Obviously, Direk Irene just prefers angst-filled and painful relationships over more successful ones. What helps in making the film tolerable are the two leads who are both splendid in their respective roles. Carlo is a child actor who has won several awards. He was not successful in his teen years but now, as he gains more maturity in his 30s, he not only registers better on screen but shows a clear maturity in his acting skills that will put other current matinee idols to shame. We’re glad to learn that the movie opened new doors for him and he’s now getting offers left and right.
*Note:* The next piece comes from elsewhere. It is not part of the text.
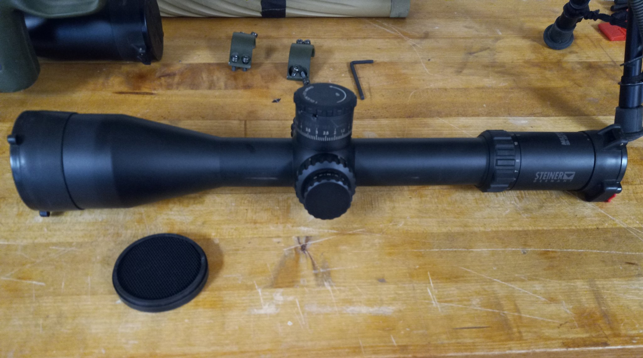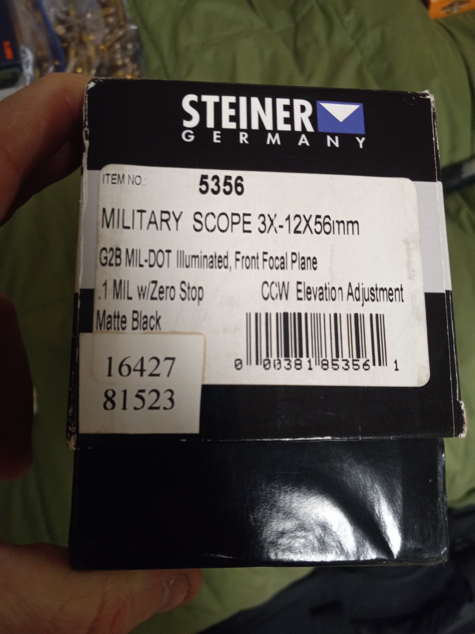 Steiner Military 3-12x56, illuminated G2B reticle (basically gen ii mildot), CCW. Glass is perfect. Parallax serviced by Steiner in 2022. Comes with BC caps and ARD insert. Rings marks from AI mount. Have the original box.

As for Bela, she has gained more confidence before the camera that was not there during her early days in TV soaps. She has exhibited fine, sensitive emoting playing the title role in “100 Tula Para Kay Stella” and she now caps this with a very relaxed but sincere and perfectly nuanced portrayal of Celeste in “St. Gallen”. She and Carlo are both committed to their roles and have a pretty engaging chemistry as a couple. We can really relate to them and the characters they portray. And they both deliver their long lines with much conviction.